Тогда отец произнес загадочную фразу:
— Пока я учитель, каникулы продолжаются, но если через неделю я перестану быть учителем, я буду безработным.
И он подтянул на плечах ремни от рюкзака.
Возвращение было печальным. Из наспех связанных узлов то и дело что-нибудь вываливалось. Я шел сзади и подобрал в траве гребень, банку горчицы, напильник, шумовку и зубную щетку. Мама тихо приговаривала:
— Я так и знала.
— Да нет же, — с раздражением отвечал отец, — ничего ты не знала, ты только боялась. И у тебя были все основания бояться, но то, что произошло, могло произойти в любое время. Всякие сверхъестественные силы или предчувствия тут ни при чем. Виной всему моя глупость и бездушие этого болвана.
И он непрестанно повторял: «До чего же мы слабы, когда чувствуем себя виноватыми!»
Мы пришли к Доминику, горя нетерпением рассказать о наших злоключениях, однако ставни фермы были закрыты. Он, наверно, ушел в деревню играть в кегли. Зато в усадьбе полковника мы застали Владимира. Он выслушал рассказ отца — несколько сокращенный — и сказал:
— Я бы охотно заглянул к этому человечку. Но я говорил с ним всего три раза в жизни и все три раза давал ему по роже. Если я пойду к нему снова, я опять его стукну. Лучше бы вам потолковать с полковником. Но, к несчастью, он в больнице.
Он, правда, запретил об этом рассказывать, но вам я все же скажу… Ему сделали операцию, завтра утром я к нему пойду, и, если он будет хорошо себя чувствовать, я все ему расскажу. Не знаю только, может ли он вам помочь…
Владимир заставил моих родителей выпить по рюмке виноградной водки, которую они героически проглотили как лекарство. Затем он угостил меня и Поля какаовым ликером, а сестрица с полным удовольствием пила молоко. Мы отправились дальше, подкрепившись, но в большом душевном смятении.
Мой трезвенник отец, разгоряченный рюмкой водки, шагал с тяжелым заплечным мешком, как солдат, но глаза на его застывшем лице смотрели хмуро.
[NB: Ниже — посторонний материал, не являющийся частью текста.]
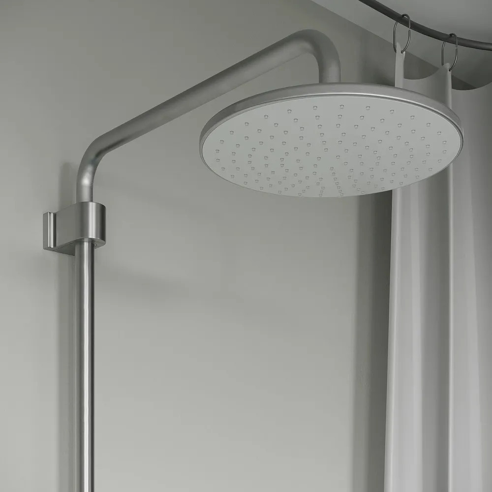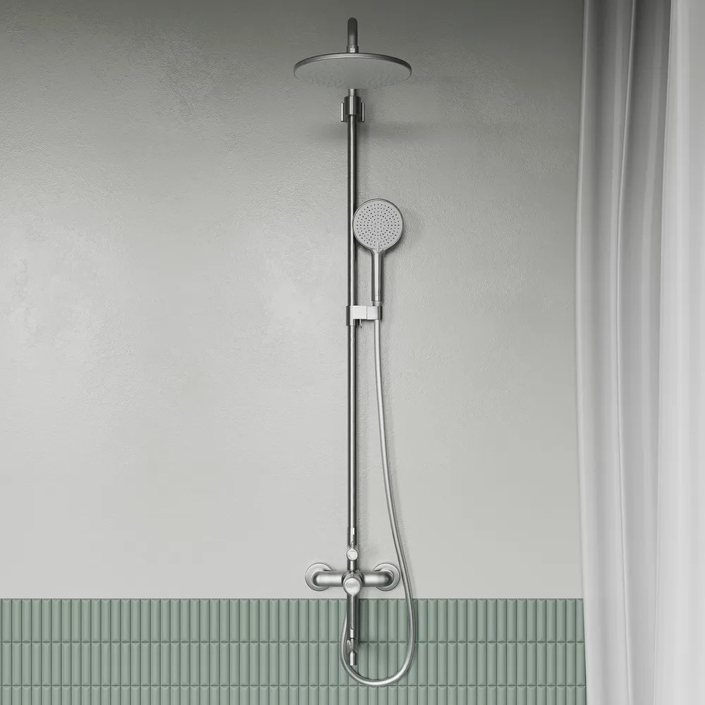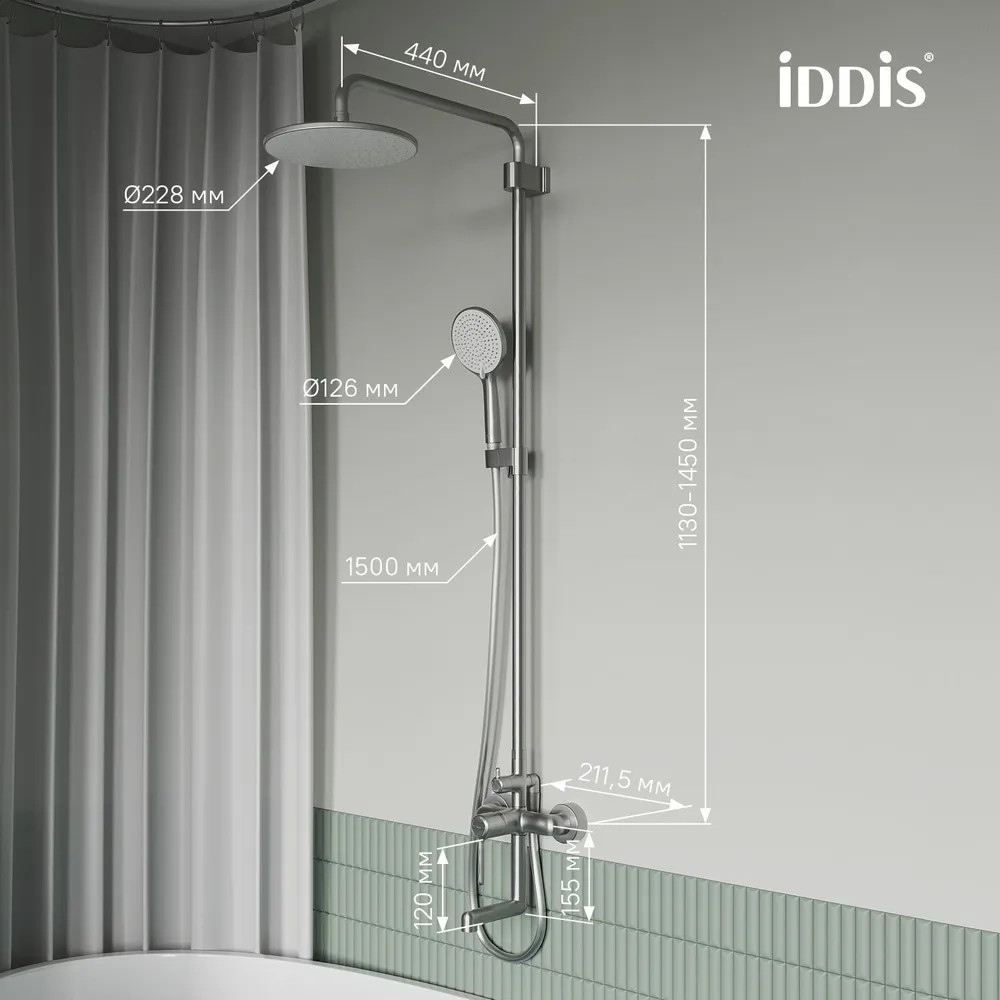 • штанга верхнего душа регулируется по высоте 113–145 см в момент установки смесителя, что позволяет в дальнейшем с комфортом принимать душ всей семье;
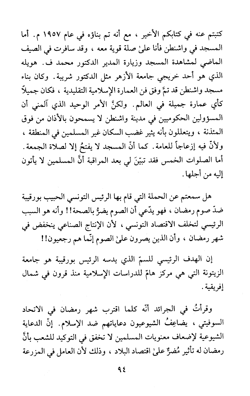 المسجد في واشنطن فأنا علئ صلة قوية معه، وقد سافرت في الصيف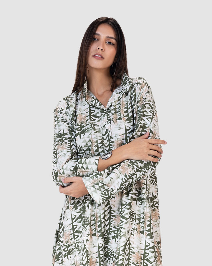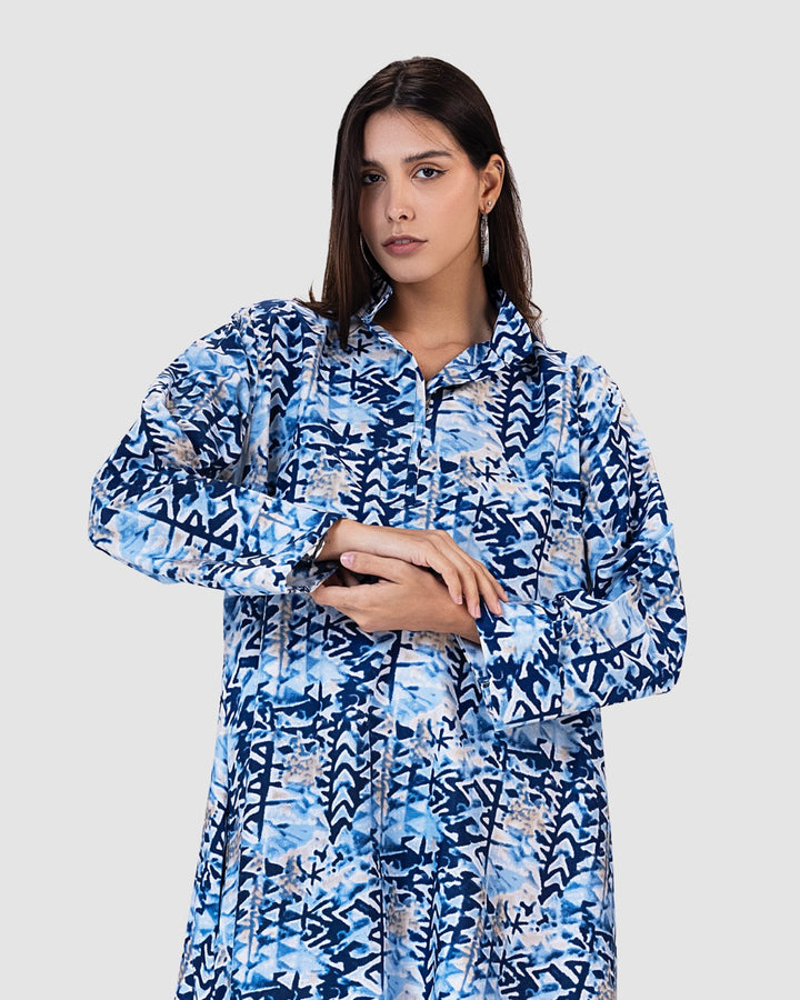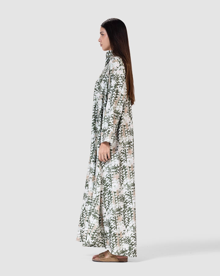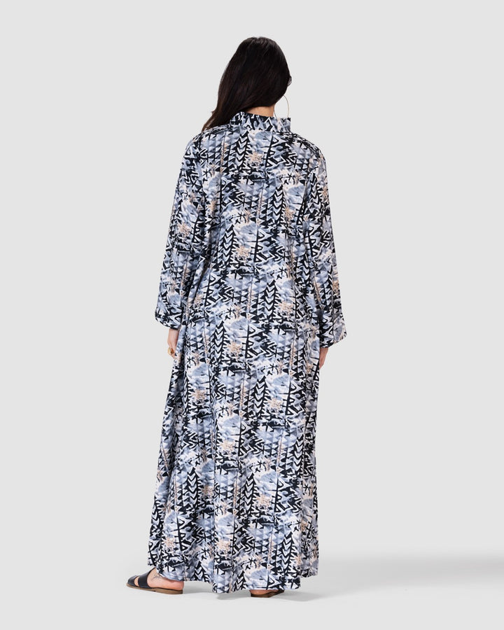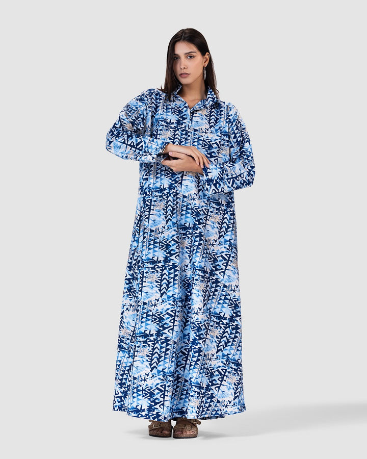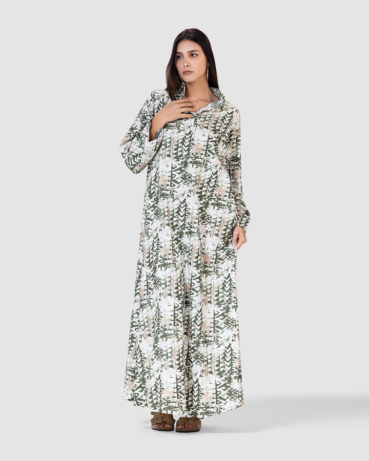القصة الطويلة والفضفاضة تتيح لك الحركة بحرية، مع ياقة كلاسيكية وأزرار أمامية تضيف لمسة رسمية ناعمة. تصميم مثالي للمشاوير اليومية، الطلعات، أو الجلسات العائلية البسيطة.

А мама неслась будто птица, не касаясь земли. Мы с Полем вели сестрицу. Раскинув в стороны свои короткие ручонки и крепко вцепившись в нас, она не давала нам сойти с тропинки.
Пришлось сделать большой крюк, и всю дорогу мы молчали.
Лили в нетерпении не мог устоять на своем посту у околицы Латрей и поспешил нам навстречу. Пожав мне руку, поцеловав Поля, он, краснея, взял у мамы ее ношу. У него был торжественно-радостный вид, но вдруг он почуял недоброе и тихо спросил:
— Стряслось что-то?
Я сделал знак, чтобы он молчал, и замедлил шаги, отстав от отца, который брел как во сне. Шепотом я рассказал Лили о нашей беде. Сначала Лили не придал большого значения случившемуся, но, когда я упомянул о протоколе, он побледнел и остановился, глубоко огорченный.
— Сторож что-нибудь записывал у себя в книжке?
— Он грозился это сделать и наверняка сделает.
Лили протяжно свистнул. Протокол для жителей села означал бесчестие и разорение. Местный крестьянин, вполне добропорядочный человек, убил на холмах жандарма из Обани только потому, что жандарм хотел составить на него протокол.
— Вот так так! — сокрушался Лили. — Вот так так!
Он пошел вперед, понурясь и оглядываясь на меня с убитым видом.
Когда мы проходили по деревне мимо почтового ящика, Лили вдруг сказал:
— А что, если поговорить с почтальоном? Он должен знать этого сторожа. Сам-то он тоже ведь носит фуражку.
В представлении Лили фуражка была символом власти: стало быть, начальники в фуражках как-нибудь уж столкуются.
— Завтра утром я с ним поговорю, — добавил он.
Наконец мы доплелись до «Новой усадьбы», которая ждала нас в сумерках под большой смоквой, усыпанной воробьями.
Мы помогли отцу распаковать вещи. Он был мрачен и нервно покашливал. Мама молча варила кашку сестрице, а Лили разжигал огонь в печке под висящим на крюке котелком.
Я вышел взглянуть на сад. Поль уже успел залезть на сливу, и во всех карманах его стрекотали цикады. Но у меня больно сжалось сердце оттого, что вечер так прекрасен. Все долгожданные радости не сбылись.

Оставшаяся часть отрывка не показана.